Zmień se nicka z Przekorny na Czepliwy :D
Precyzuję - owszem, odpowiedziałem na prośbę, ale nie skrytykowałem, nie zamieściłem żadnej złośliwej uwagi, a na pewno nie zwyzywałem. To miałem na myśli.

Gość-anonimowiec

marek176cm # 2014-10-10

Dzięki Panie Go-an!

Choć podane przykłady są cenne, to są one jednak zaczerpnięte z POEZJI, która może pozwolić sobie na tak niecodzienne formy.

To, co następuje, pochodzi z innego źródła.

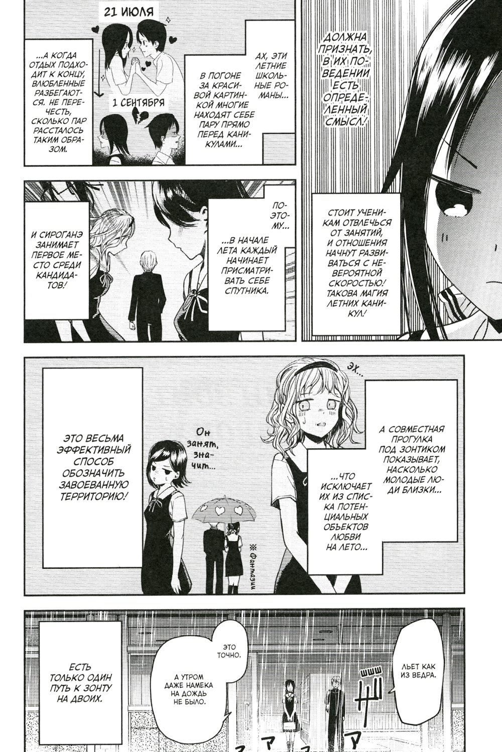 Кагуя Синомия и Миюки Сироганэ возглавляют школьный совет академии Сютиин и уже давно работают бок о бок. никто не сомневался, что между ними вспыхнут чувства! В попытках добиться друг от друга желанного признания они пускают в ход всевозможные уловки и хитрости! На этот раз им предстоит прогуляться под одним зонтом, познакомиться с шутками ниже пояса и столкнуться с казначеем школьного совета Исигами, который не сомневается в том, что Кагуя хочет его убить... Этими и другими проблемами заняты умы самых незаурядных личностей академии накануне итоговых экзаменов. Вот она, любовная битва двух гениев! Интересно, кто же выйдет из нее победителем?| Издательство | Азбука |
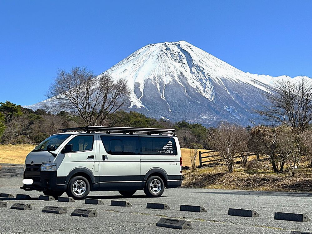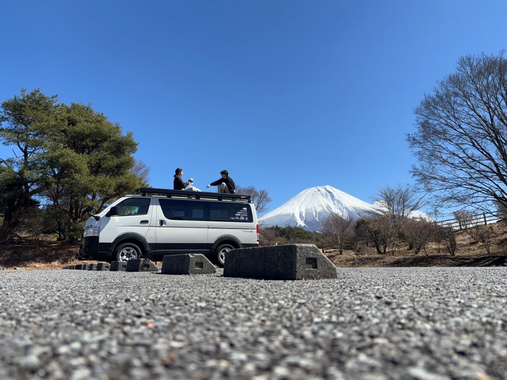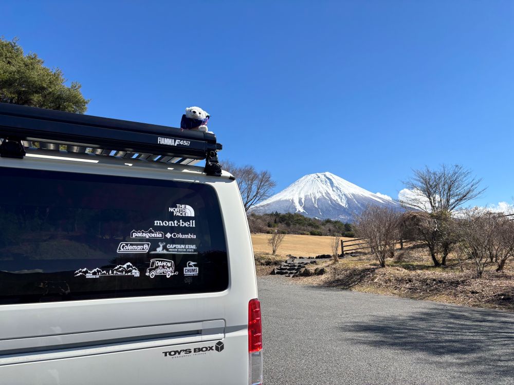 富士山と風丸(車の名前です)が美しく並ぶアングルを探し出し、何枚もパシャパシャ📸
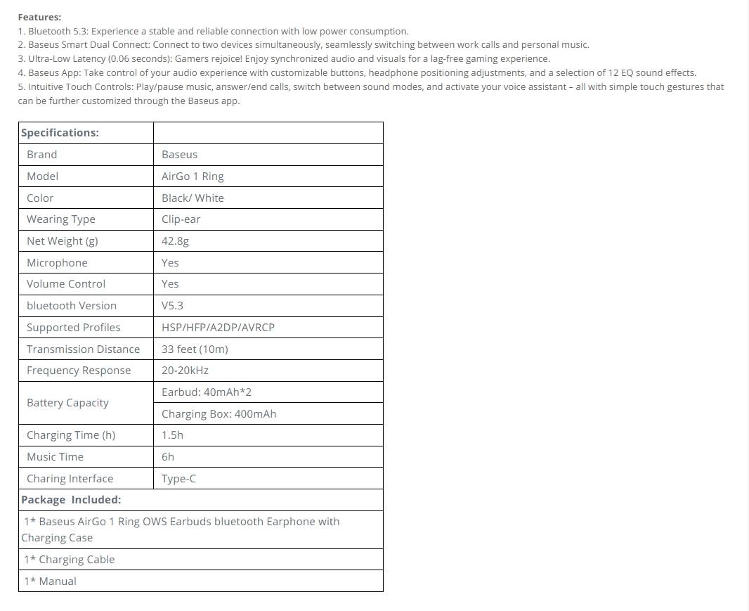 Baseus AirGo 1 Ring OWS Earbuds bluetooth Earphone BISA Audio Quick Charge Dual Channel Low Latency Mini Portable Headphones with Mic

Żyjąc z dnia na dzień, zabiegani, gdy (u)słyszymy słowo <tchy> - jeśli uda nam się je kiedyś USŁYSZEĆ, a nie przeczytać - zapewne wówczas przystaniemy, by się spytać: Co to, u licha, znaczy?

M176c / W

fanmirnala # 2014-10-11

"Go-an"
Dziwaczne, wolę G-a.

@G-a :)
Wiedz, że takowym "dzięki" nieraz próbował karmić przekornego czy Mirnala, a potem ni z tego, ni z owego jakiś atak, kretyńska poprawka. Teraz wykorzystał Twego "Czepliwego". Sprzedałeś mu licencję? ;)

marek176cm # 2014-10-11

Na temat stosowności użytego przeze mnie skrótu <Go-an> może wypowiadać się jedynie [gość-anonimowiec], a nie byle kto.